» Problem requirements
Pictures in the material below are to be left out, and only the lines from the line with "Sella BRN Dynamic" up to and including the line with "Измельчение резанием Измельчение" are to be written out exactly.
========
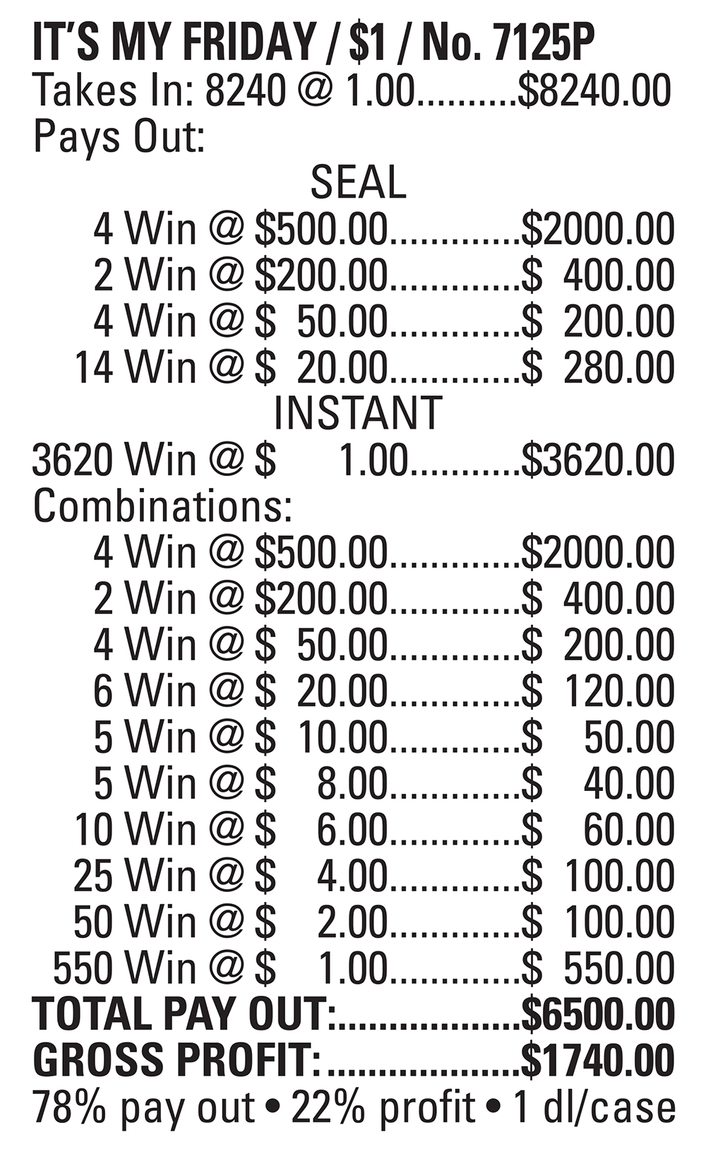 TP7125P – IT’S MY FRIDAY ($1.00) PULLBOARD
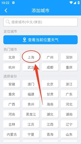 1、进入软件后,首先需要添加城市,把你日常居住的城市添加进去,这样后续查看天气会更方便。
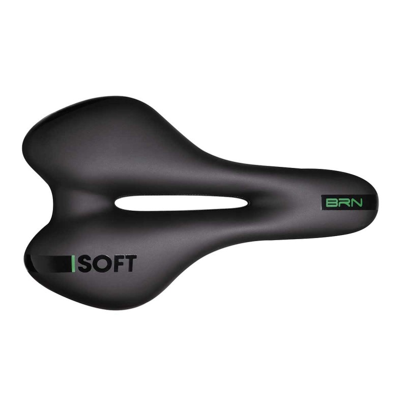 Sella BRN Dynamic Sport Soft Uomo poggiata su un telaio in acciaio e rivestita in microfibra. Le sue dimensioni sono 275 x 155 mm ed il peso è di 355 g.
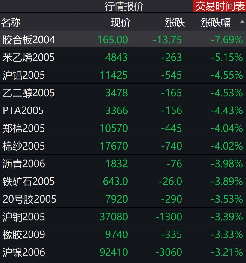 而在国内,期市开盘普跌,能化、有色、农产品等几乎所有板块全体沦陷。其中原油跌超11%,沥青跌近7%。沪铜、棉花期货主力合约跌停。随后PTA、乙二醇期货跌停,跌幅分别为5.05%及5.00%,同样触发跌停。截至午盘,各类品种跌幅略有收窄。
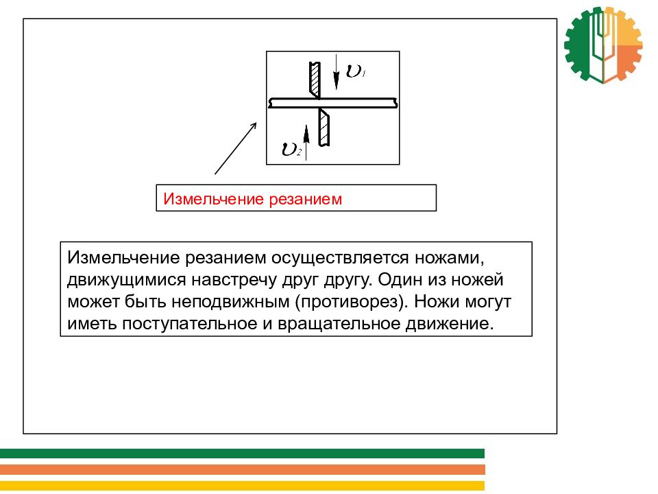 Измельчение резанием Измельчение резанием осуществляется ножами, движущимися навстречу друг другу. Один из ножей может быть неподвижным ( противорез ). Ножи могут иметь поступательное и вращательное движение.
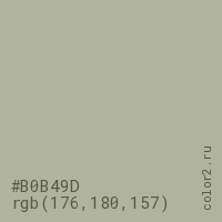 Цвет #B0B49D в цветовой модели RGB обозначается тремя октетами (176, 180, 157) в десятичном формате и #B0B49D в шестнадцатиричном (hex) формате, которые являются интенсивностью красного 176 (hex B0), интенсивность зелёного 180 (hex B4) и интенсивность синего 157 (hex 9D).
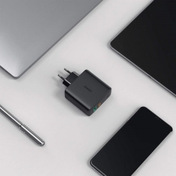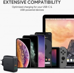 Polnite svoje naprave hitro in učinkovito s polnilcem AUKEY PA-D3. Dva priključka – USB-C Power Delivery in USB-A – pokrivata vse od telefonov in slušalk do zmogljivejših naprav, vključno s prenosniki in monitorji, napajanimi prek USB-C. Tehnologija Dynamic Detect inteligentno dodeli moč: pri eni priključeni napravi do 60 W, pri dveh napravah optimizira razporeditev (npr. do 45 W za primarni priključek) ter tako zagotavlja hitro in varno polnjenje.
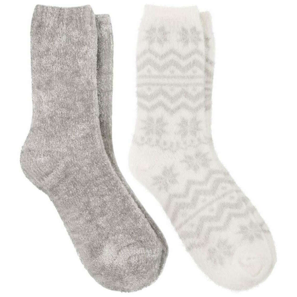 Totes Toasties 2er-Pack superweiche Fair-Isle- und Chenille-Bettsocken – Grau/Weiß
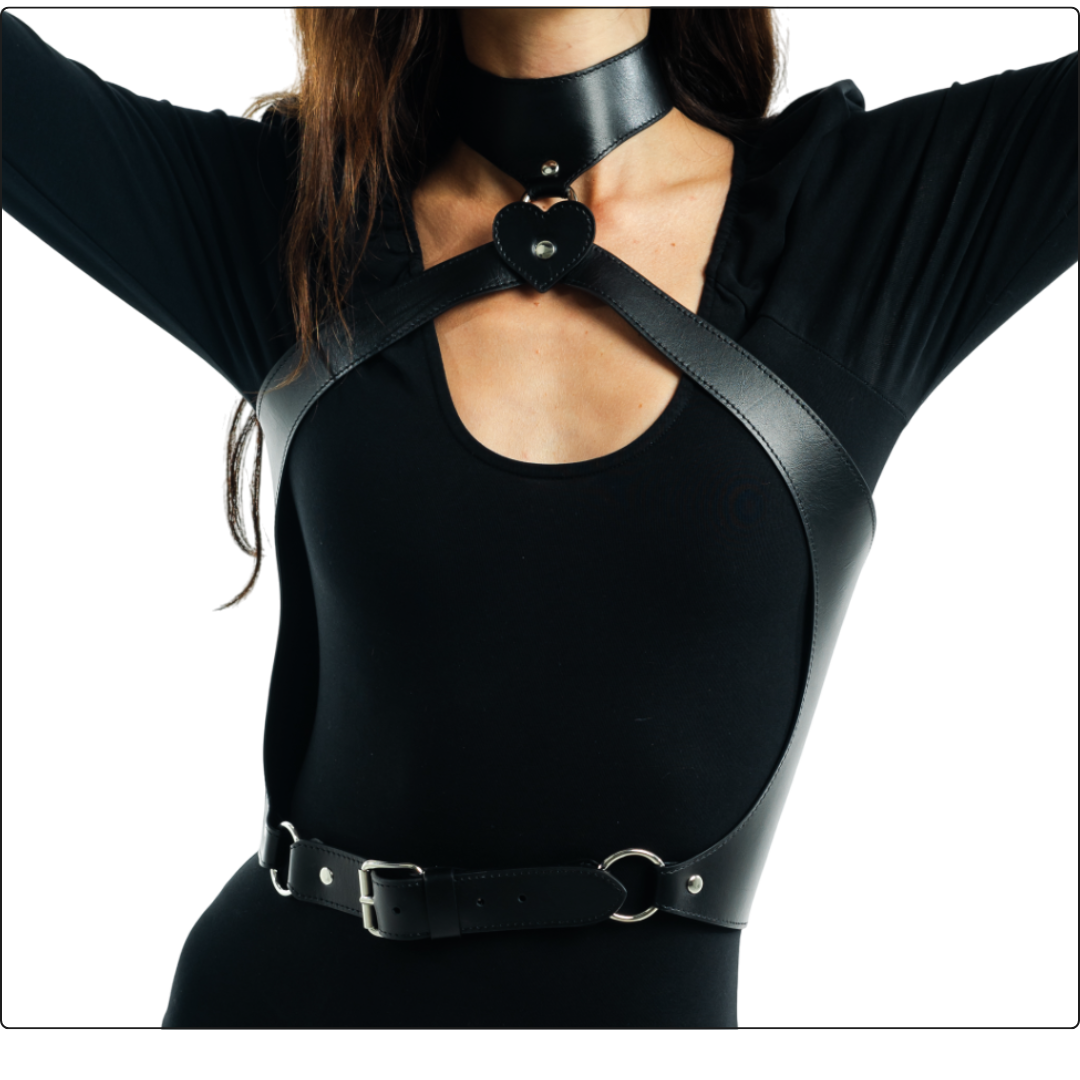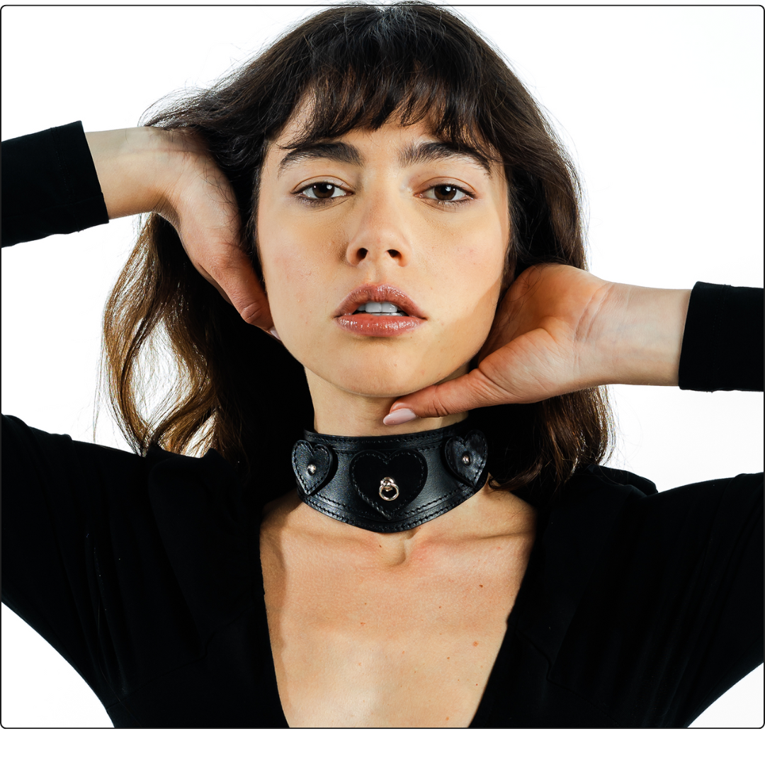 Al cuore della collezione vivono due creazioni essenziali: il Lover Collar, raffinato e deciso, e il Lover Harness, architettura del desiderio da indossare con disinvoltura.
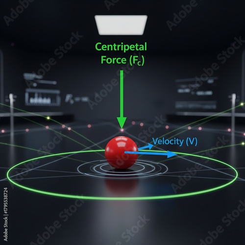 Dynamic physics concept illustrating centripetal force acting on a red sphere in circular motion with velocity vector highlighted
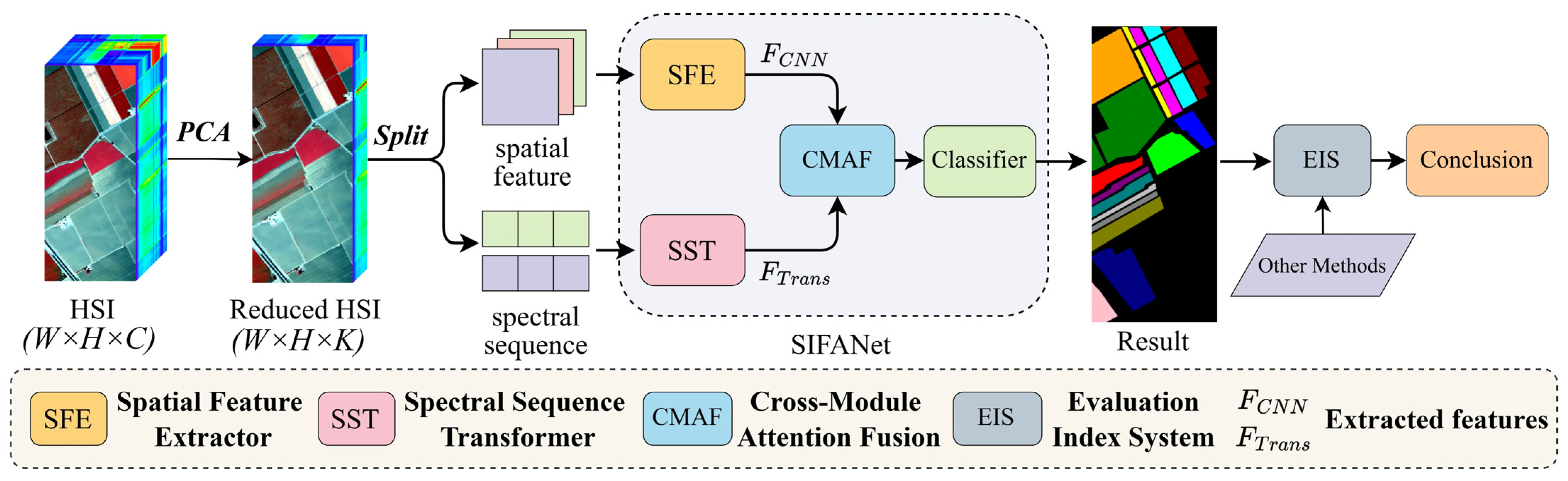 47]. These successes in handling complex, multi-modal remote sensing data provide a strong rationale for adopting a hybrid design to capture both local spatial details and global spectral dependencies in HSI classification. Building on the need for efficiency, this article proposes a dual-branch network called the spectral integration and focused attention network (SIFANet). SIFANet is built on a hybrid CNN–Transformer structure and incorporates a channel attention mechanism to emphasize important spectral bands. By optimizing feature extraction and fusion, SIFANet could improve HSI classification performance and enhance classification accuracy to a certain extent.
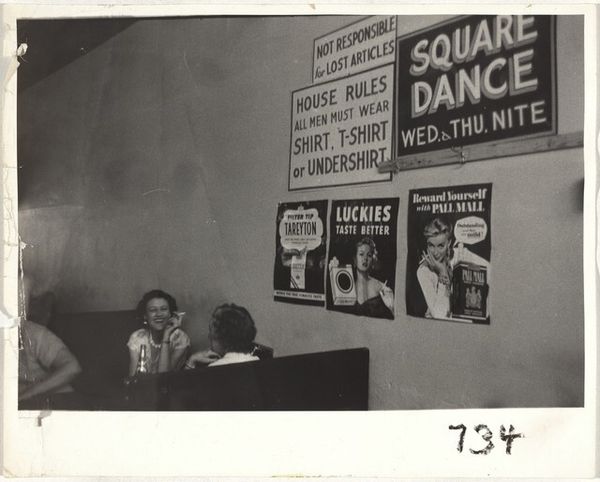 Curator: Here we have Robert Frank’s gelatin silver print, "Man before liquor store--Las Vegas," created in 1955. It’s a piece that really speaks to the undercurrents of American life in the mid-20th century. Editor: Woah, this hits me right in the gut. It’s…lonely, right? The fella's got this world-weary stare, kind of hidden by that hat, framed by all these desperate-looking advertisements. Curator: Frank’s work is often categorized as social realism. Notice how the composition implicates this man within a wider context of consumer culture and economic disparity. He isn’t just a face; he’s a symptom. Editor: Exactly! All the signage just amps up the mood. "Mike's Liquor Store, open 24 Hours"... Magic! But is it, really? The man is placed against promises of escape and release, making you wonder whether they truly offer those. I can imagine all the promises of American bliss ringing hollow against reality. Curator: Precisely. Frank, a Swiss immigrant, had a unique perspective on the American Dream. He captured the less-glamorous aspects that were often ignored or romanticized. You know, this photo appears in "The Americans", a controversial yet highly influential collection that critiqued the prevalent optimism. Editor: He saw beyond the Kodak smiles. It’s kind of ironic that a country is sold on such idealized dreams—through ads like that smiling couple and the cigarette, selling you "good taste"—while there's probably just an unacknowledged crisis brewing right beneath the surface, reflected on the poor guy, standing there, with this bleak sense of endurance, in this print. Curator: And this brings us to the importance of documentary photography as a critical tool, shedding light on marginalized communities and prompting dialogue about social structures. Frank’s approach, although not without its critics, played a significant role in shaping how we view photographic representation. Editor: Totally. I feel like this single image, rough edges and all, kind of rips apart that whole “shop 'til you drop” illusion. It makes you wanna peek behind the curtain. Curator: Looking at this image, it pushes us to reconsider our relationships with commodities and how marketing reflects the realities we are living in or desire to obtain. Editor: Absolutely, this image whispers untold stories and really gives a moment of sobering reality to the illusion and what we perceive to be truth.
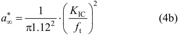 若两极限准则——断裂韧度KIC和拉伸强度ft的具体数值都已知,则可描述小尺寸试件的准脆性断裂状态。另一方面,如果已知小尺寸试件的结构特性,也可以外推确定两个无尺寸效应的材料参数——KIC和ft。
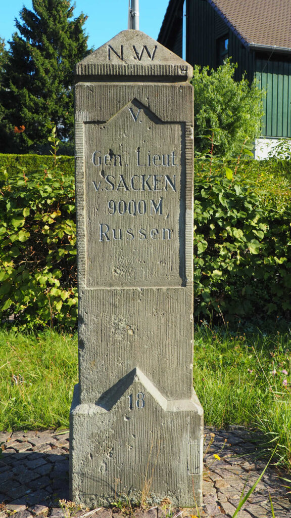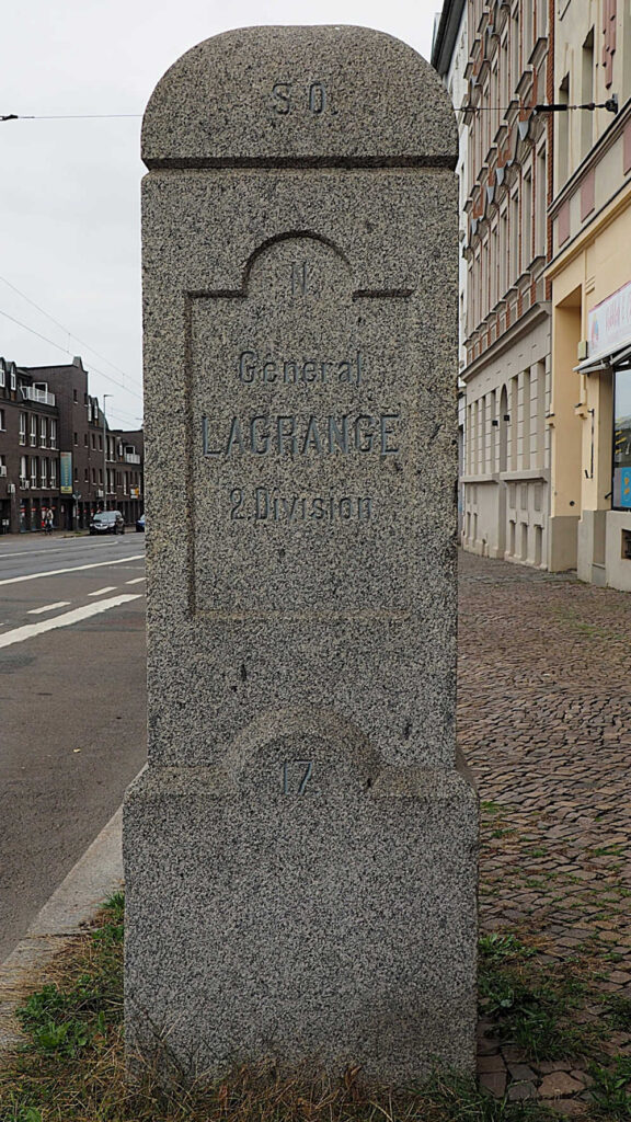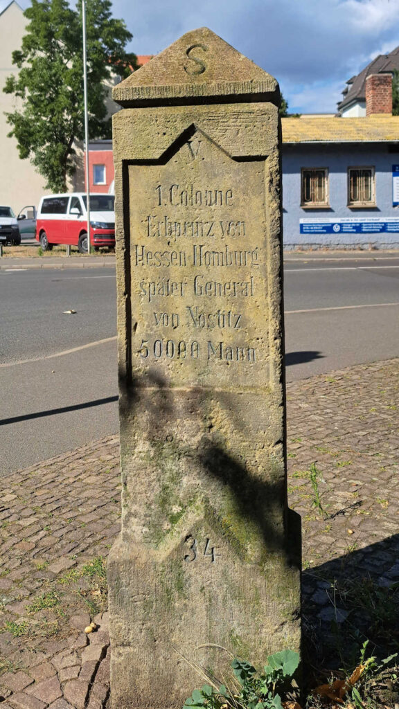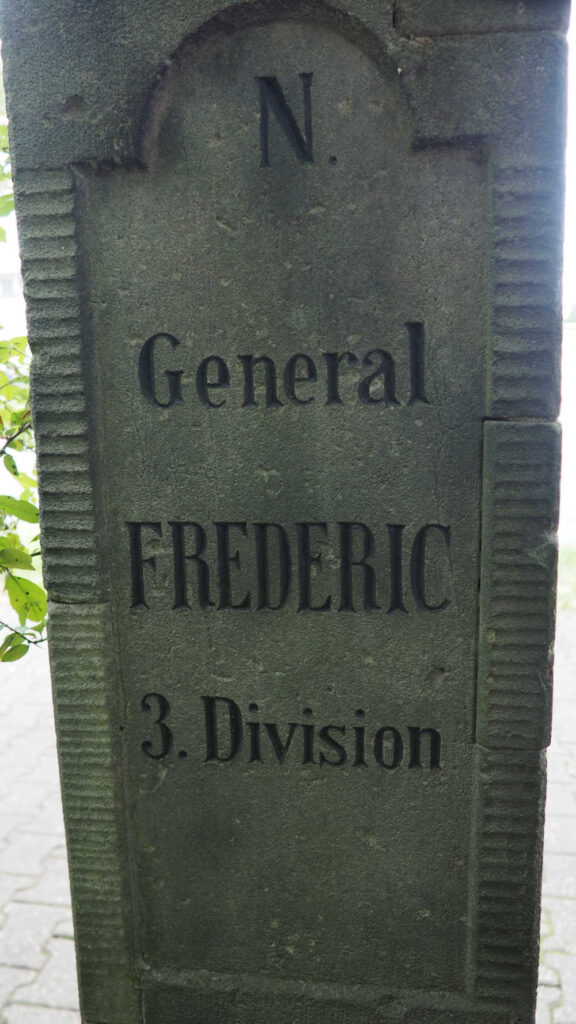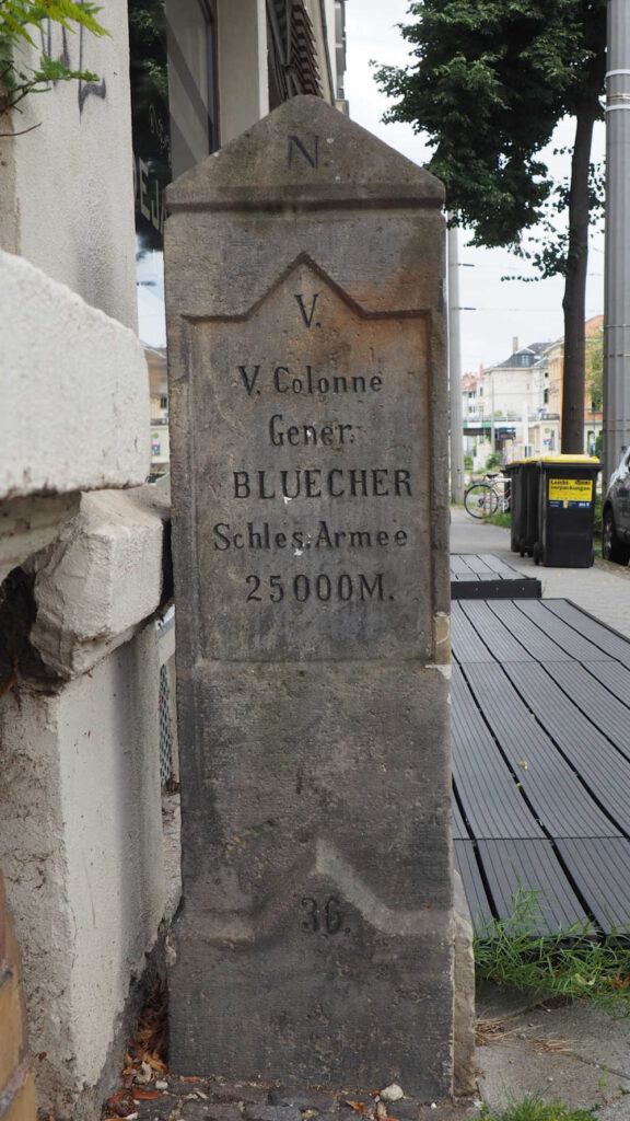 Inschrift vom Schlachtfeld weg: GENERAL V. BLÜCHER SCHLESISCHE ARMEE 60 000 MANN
========
» Exercise output
 Sella BRN Dynamic Sport Soft Uomo poggiata su un telaio in acciaio e rivestita in microfibra. Le sue dimensioni sono 275 x 155 mm ed il peso è di 355 g.
 而在国内,期市开盘普跌,能化、有色、农产品等几乎所有板块全体沦陷。其中原油跌超11%,沥青跌近7%。沪铜、棉花期货主力合约跌停。随后PTA、乙二醇期货跌停,跌幅分别为5.05%及5.00%,同样触发跌停。截至午盘,各类品种跌幅略有收窄。
 Измельчение резанием Измельчение резанием осуществляется ножами, движущимися навстречу друг другу. Один из ножей может быть неподвижным ( противорез ). Ножи могут иметь поступательное и вращательное движение.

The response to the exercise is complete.